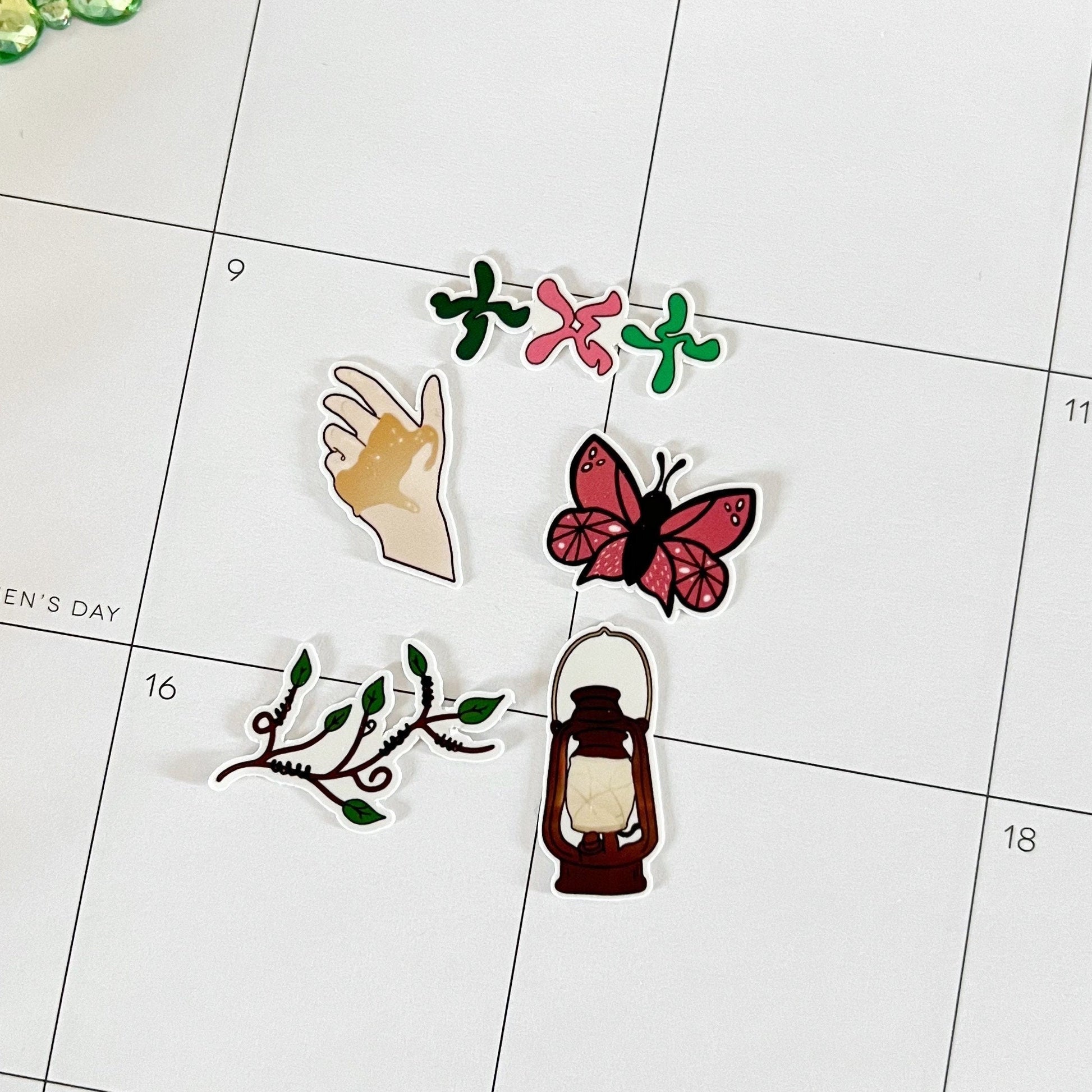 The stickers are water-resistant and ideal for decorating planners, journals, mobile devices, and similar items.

...

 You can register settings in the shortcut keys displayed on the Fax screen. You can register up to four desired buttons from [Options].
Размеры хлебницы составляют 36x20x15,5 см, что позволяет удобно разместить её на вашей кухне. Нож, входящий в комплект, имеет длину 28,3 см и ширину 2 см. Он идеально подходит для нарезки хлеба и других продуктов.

==

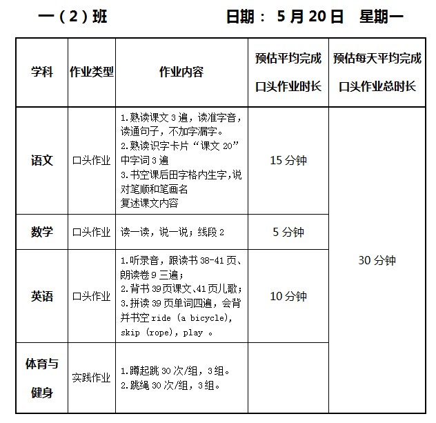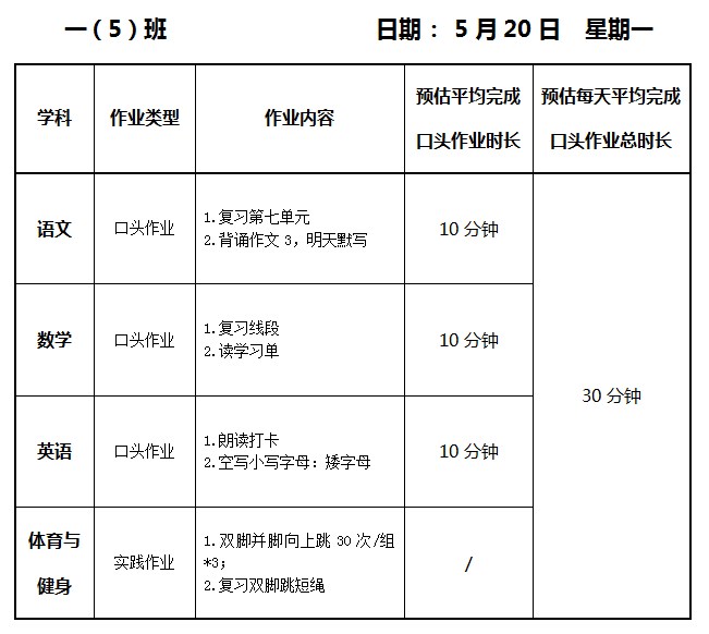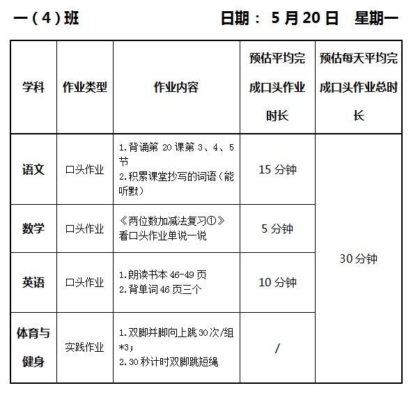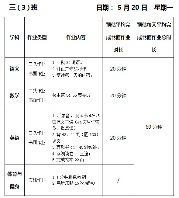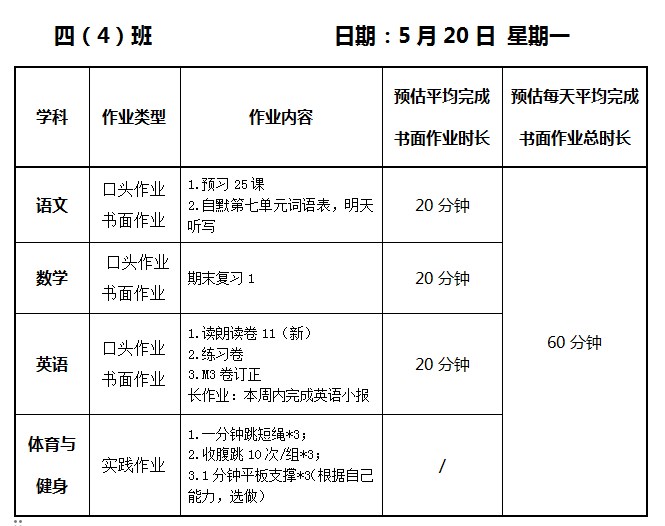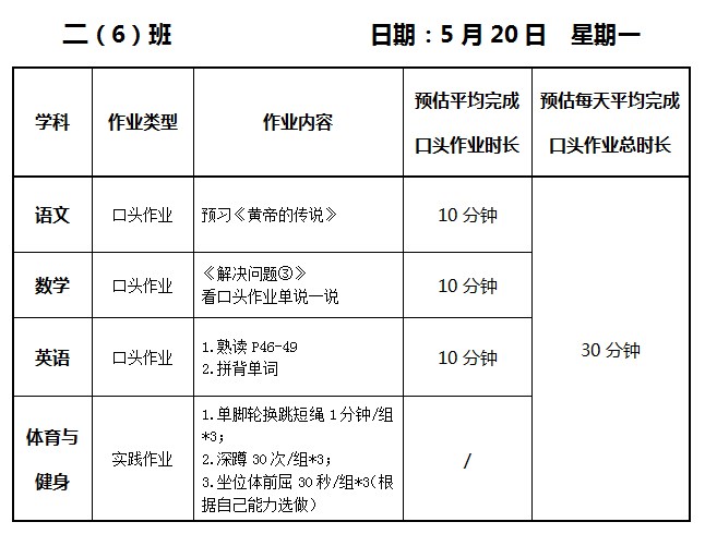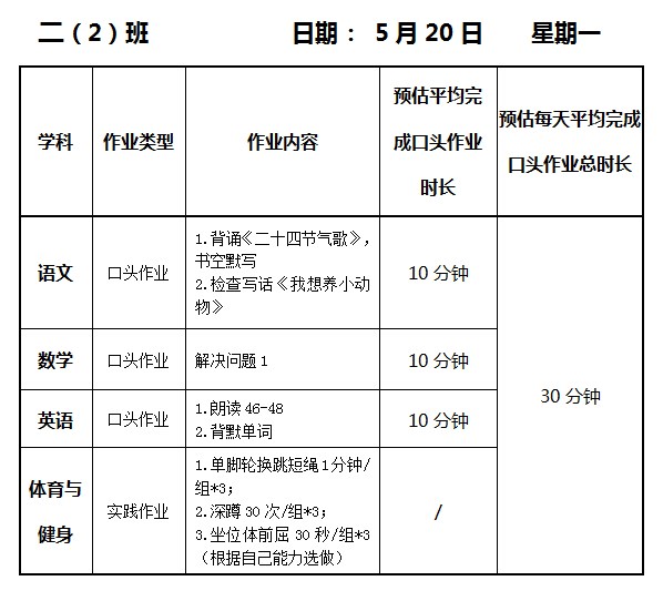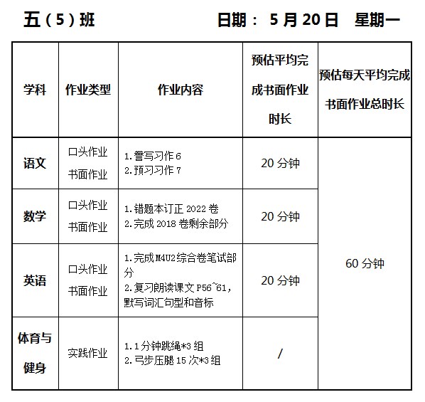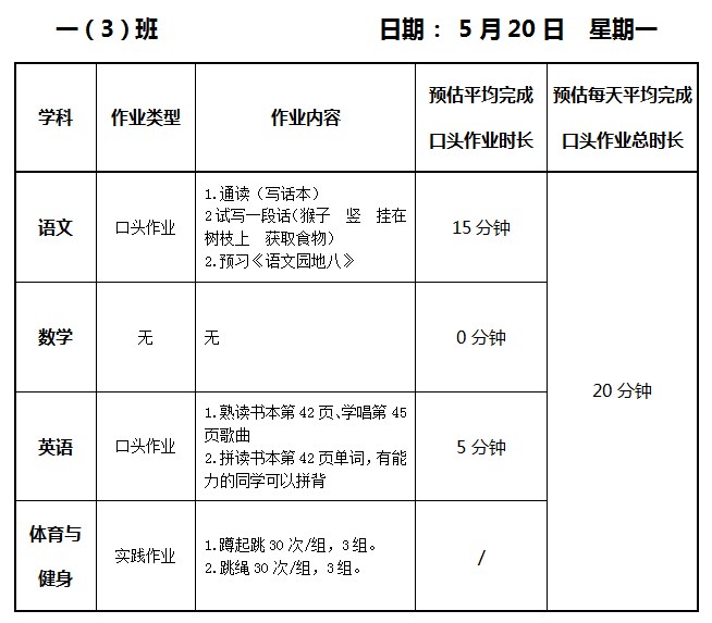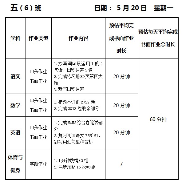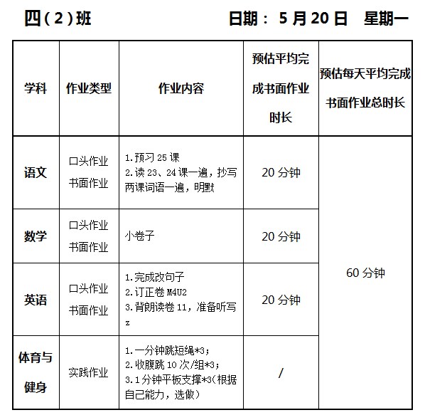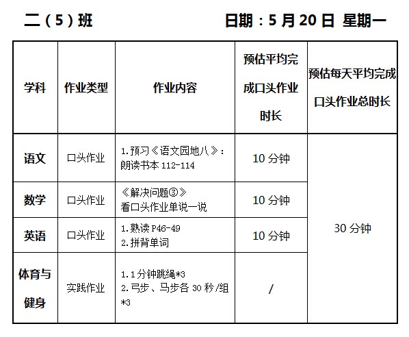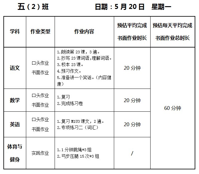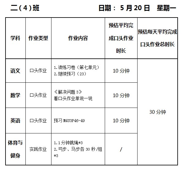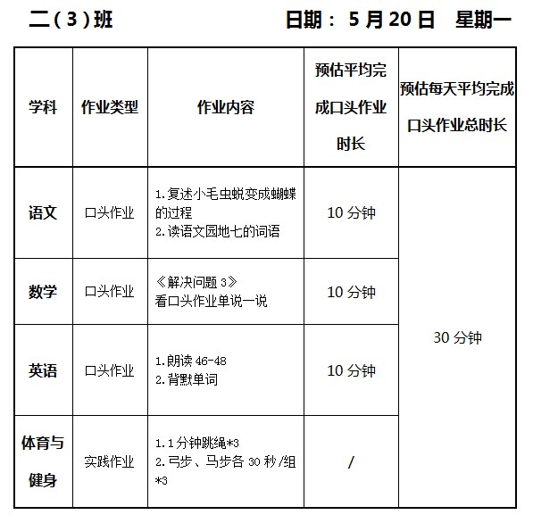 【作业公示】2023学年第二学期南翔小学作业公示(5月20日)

# [What is being asked]
In the entries above, restate word for word the lines between the one holding "You can register settings" and the one holding "Размеры хлебницы составляют", inclusive, and nothing besides.

# [Problem solution]
 You can register settings in the shortcut keys displayed on the Fax screen. You can register up to four desired buttons from [Options].
Размеры хлебницы составляют 36x20x15,5 см, что позволяет удобно разместить её на вашей кухне. Нож, входящий в комплект, имеет длину 28,3 см и ширину 2 см. Он идеально подходит для нарезки хлеба и других продуктов.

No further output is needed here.